My husband lives in the Caribbean. I travel back and forth every 2 months... he can't live in AU due to work so I will have to move there!


----------



## bundle4me

Morning all,really nervous this morning my line isn't much darker at all today :( this is bad right???? X


----------



## Buffyx

Every second day your HCG doubles. Do you have a pic?


----------



## bundle4me

My last one was 2 evening's ago but did this with fmu x
 



Attached Files:







DSC_0044.jpg
File size: 14 KB
Views: 23


----------



## Buffyx

You're right. It's not very dark. You're still early - you haven't missed a period yet. Maybe just keep testing?


----------



## xxmyheartxx

My tests are always rubbish fmu hun, some people test better later in the day, good luck xxx


----------



## bundle4me

Af due this week sometime, my cycles used to be 28 but since m/c 33,31 & 29 and today is cd28 so not quite sure what my exact day x


----------



## bundle4me

xxmyheartxx said:


> My tests are always rubbish fmu hun, some people test better later in the day, good luck xxx

Thank you might try tea time xx


----------



## Buffyx

Yeah I had a super short cycle last cycle (after my loss) - it really messes things up!! 

I'm sure you'll be fine. Test again later x


----------



## bundle4me

Thank you buffy xx


----------



## bundle4me

Does look darker when put together in suppose. Thanks girls don't no what I'd do with out you xxx :hugs:
 



Attached Files:







Screenshot_2014-12-03-07-29-49.jpg
File size: 23 KB
Views: 23


----------



## emma4g63

bundle4me said:


> Does look darker when put together in suppose.

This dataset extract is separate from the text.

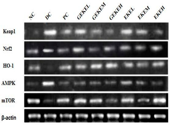 To explore the molecular mechanism of EKE and GEKE treatment on nephropathy in diabetic mice, the transcript levels of various genes were determined in kidney homogenate. As shown in Figure 5, the RT-PCR results show that the expression of important genes involved in the AMPK/mTOR and Keap1/Nrf2/HO-1 signaling pathways, keap1, nrf2, and ampk, was significantly increased in the DC group compared with NC, while the expression of transcripts coding for HO-1 and mTOR was significantly decreased in DC. Following intervention with different doses of GEKE or EKE, these gene expression levels responded to different degrees. The mRNA levels of transcripts for Nrf2, HO-1, and mTOR were increased as a result of treatment, while the transcription levels of Keap1 and AMPK were decreased. The gene expression level gradually shifted towards that of the NC group with an increase in treatment dose.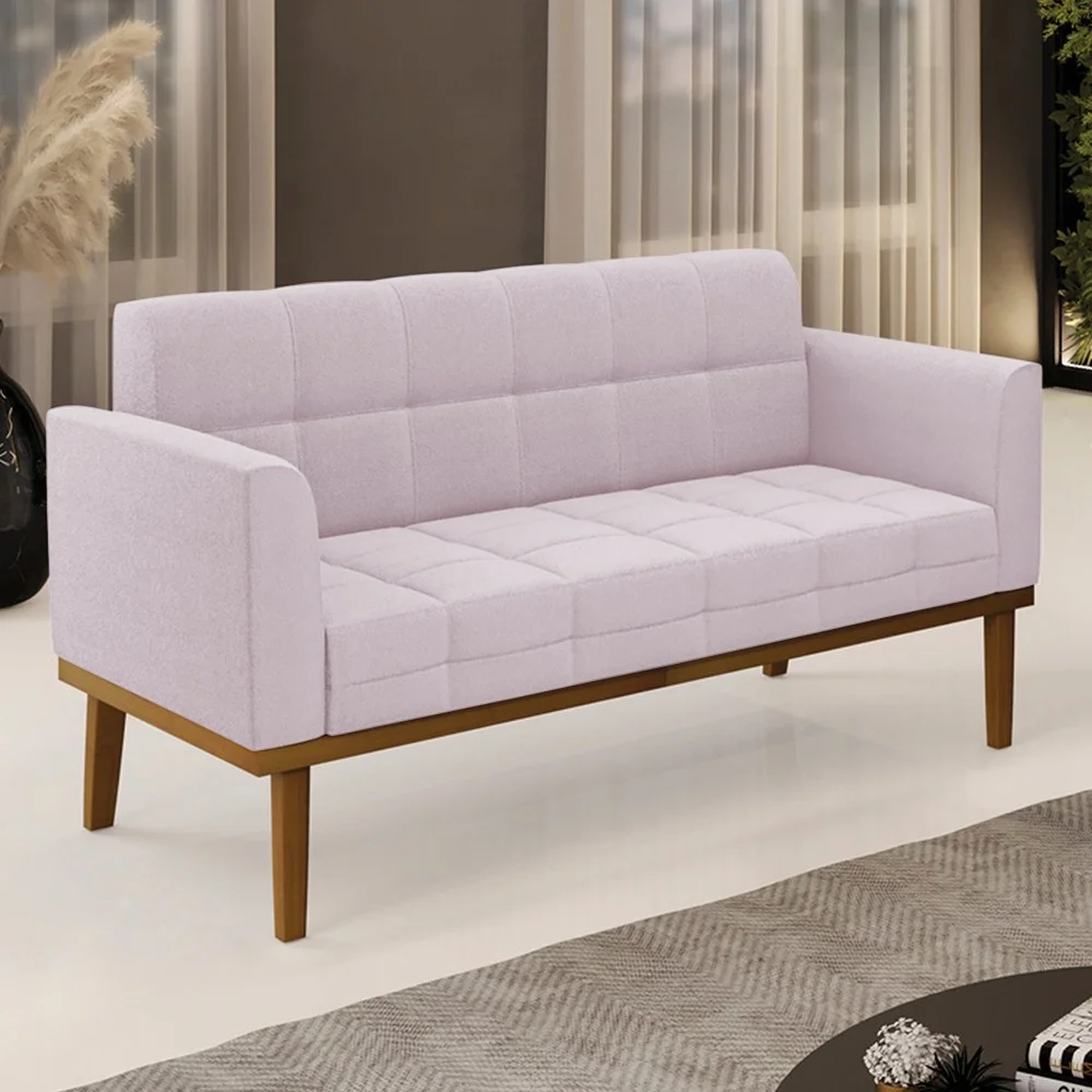 Querida por muitos pela beleza e conforto que proporciona, sua versatilidade dá a liberdade de poder usar na sua Sala De Estar, recepção e onde mais desejar! Você vai adorar o Sofá Namoradeira Base Madeira Castanho Ana Boucle Rosê, da Ibiza!

Thanks girls don't no what I'd do with out you xxx :hugs:

look fab them bundle def darker !!!
congrats and try to relax now :happydance::happydance:
lol!!!


----------



## mum140381

nice progression x


----------



## emma4g63

soo confused... took the FRER FMU... big white nothing!!

took and IC at same time same urine... BFN!!!
https://i1142.photobucket.com/albums/n607/emma4g63/Mobile%20Uploads/2014-12/20141203_072400_zpsb9dp1das.jpg


sorry not best pic feel deflated now 
https://i1142.photobucket.com/albums/n607/emma4g63/Mobile%20Uploads/2014-12/20141203_073017_zps3ga549xu.jpg

took two IC yesterday one FMU... and one after work 2.5 hr hold at aorund 7pm..
https://i1142.photobucket.com/albums/n607/emma4g63/Mobile%20Uploads/2014-12/20141203_072638_zpsppwnw5uv.jpg

bottom one is last nights... 
both read after 10 mins though
:cry:


----------



## bundle4me

Oh no emma :( them ic def look bfp xxx :hugs:


----------



## emma4g63

bundle4me said:


> Oh no emma :( them ic def look bfp xxx :hugs:

exactly what i thought!! espec after last nights...its 100% pink and everything!!
so confused.... 
bloody cheap tests


----------



## bundle4me

The ic's are ment to be more sensitive than frer I think. 2 evaps tho just doesn't seem right x


----------



## emma4g63

bundle4me said:


> The ic's are ment to be more sensitive than frer I think. 2 evaps tho just doesn't seem right x

be just my luck though!! started to let my hopes build last night after that second one!! and shouldnt have really...

will see what tommorow brings.. 
more waiting lol!!!! :nope:


----------



## LavenderLove

I'm sorry Emma! :( Those ICs look like BFPs but if they are indeed read after 10 min they could be the dreaded evap. You're really not out until AF hits though!

Congrats to you bundle! That looks like nice progression. :happydance:


----------



## bundle4me

Thank you lavenderlove 
Emma are u using another ic later?


----------



## emma4g63

bundle4me said:


> Thank you lavenderlove
> Emma are u using another ic later?

i might try SMU... on a IC .. what do you think???


----------



## bundle4me

Like myheart said earlier sometimes fmu isn't always the best so yeah give it a try x


----------



## emma4g63

well ill have to do one with a 3 hour hold for SMU... at 10.15 ish before i need to get ready for work!! 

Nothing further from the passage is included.